Some optical designs use photocells that have deliberately sluggish properties, while others use photocells designed to be more reactive. What this means is that while you can always be assured of pretty clean performance from an optical compressor, the feel - dictated by the responsiveness of the photocell - may or may not be to your liking.


----------



## georgemg (Jul 17, 2011)

I'll agree with a few others and recommend the Diamond Compressor for what you're looking for. I bought a Diamond Compressor Jr a year ago and to be honest I wasn't sure about it at first. I'd used Ross style compressors (a Keeley and more recently a Retro-Sonic) for years and the Diamond has a really different feel to it. It's not as good at getting that really squishy sound you can easily get with a Ross style compressor. Lately though I've been moving away from that sound and started using less compression. I didn't like how the Retro Sonic was pushing certain frequencies at lower levels, so I gave the Diamond another try. It was perfect for what I was looking for. It gave me the sound of my amp with more sustain, which is basically what I wanted it to do. It also blends nicely with my overdrive pedals and gives them a nice 'push'. I'm keeping the Retro Sonic in case I ever need that sound, but the Diamond is what I'm using on my small board now. 

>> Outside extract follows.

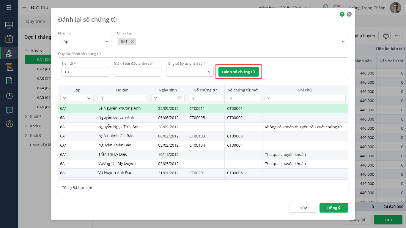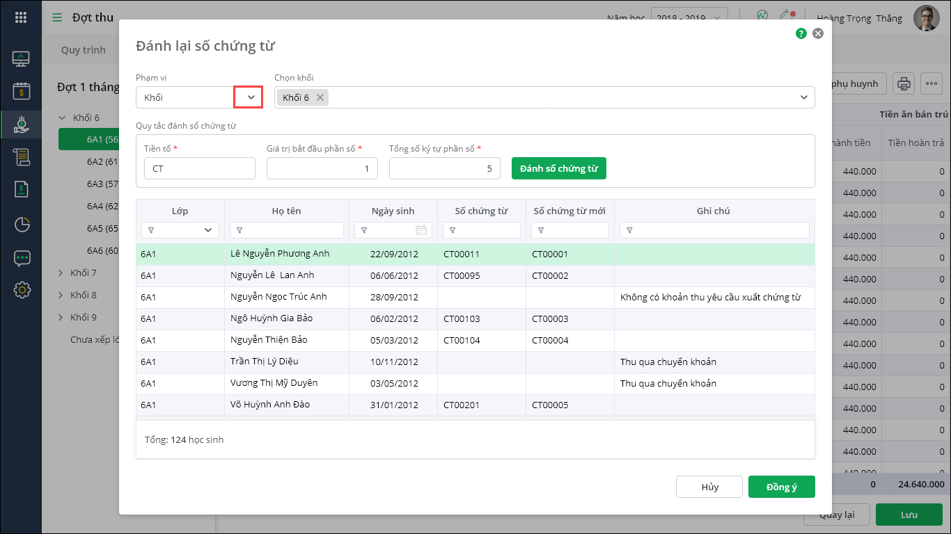- Chọn Phạm vi (Toàn trường, Khối, Lớp) cần đánh lại số chứng từ, phần mềm lấy lên danh sách học sinh theo phạm vi được chọn.
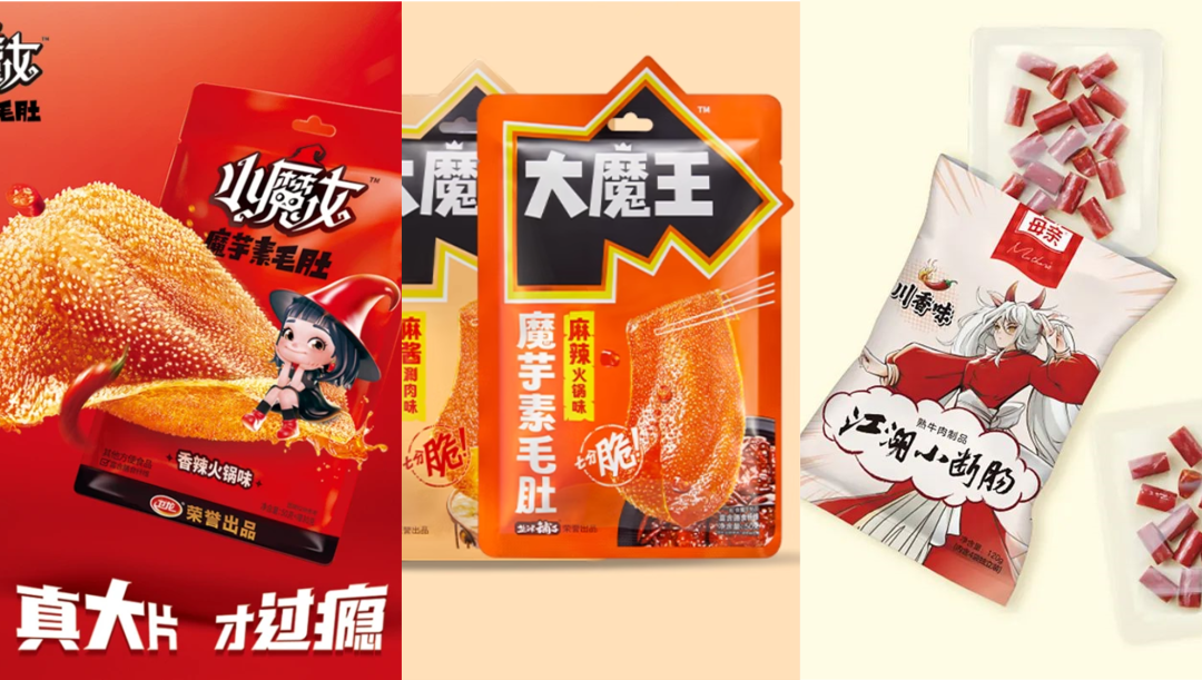 辣味零食领域,「卫龙」和「盐津铺子」先后推出魔芋素毛肚产品,占位魔芋零食赛道。卫龙「小魔女」强调大片魔芋片,盐津铺子「大魔王」也是片状,但包含多口味和多规格,旨在全面覆盖市场。

I also have an Empress on a larger board I have, but that's probably overkill for what you're asking for. The Empress is really good at sculpting the compression and has a lot of options. It's basically studio level compression. If you're not familiar with how the settings work though it can be a bit more complicated to dial in that sound. Although the controls on the Diamond area bit more limited, they're right in the range of what you're looking for. It'd probably be a lot easier to work with.


----------



## TheYanChamp (Mar 6, 2009)

Also a former diamond user when I was going for that. The blend and eq shift are simple and phenomenal. 

Sent from my H3223 using Tapatalk


----------



## gitapik (Aug 5, 2016)

One thing to keep in mind about his playing is that he uses his fingers. Not a pick. That effects his sound in a very big way.

They start talking with Buck about his rig at around 11:00 on this video. He's got quite a bit of stuff on that board:


----------



## Sunny1433 (Nov 23, 2018)

gitapik said:


> One thing to keep in mind about his playing is that he uses his fingers. Not a pick. That effects his sound in a very big way.
> 
> They start talking with Buck about his rig at around 11:00 on this video. He's got quite a bit of stuff on that board:


Funny thing is that I use my fingers too! Only that in fact. I don't use a pick at all when I play on electric


----------



## gitapik (Aug 5, 2016)

Sunny1433 said:


> Funny thing is that I use my fingers too! Only that in fact. I don't use a pick at all when I play on electric


So you've got that base covered with the tone you're looking for. 

It's funny: on first listen I'd have never thought he'd have a board with that many pedals. But there it is...


----------



## Sunny1433 (Nov 23, 2018)

gitapik said:


> So you've got that base covered with the tone you're looking for.
> 
> It's funny: on first listen I'd have never thought he'd have a board with that many pedals. But there it is...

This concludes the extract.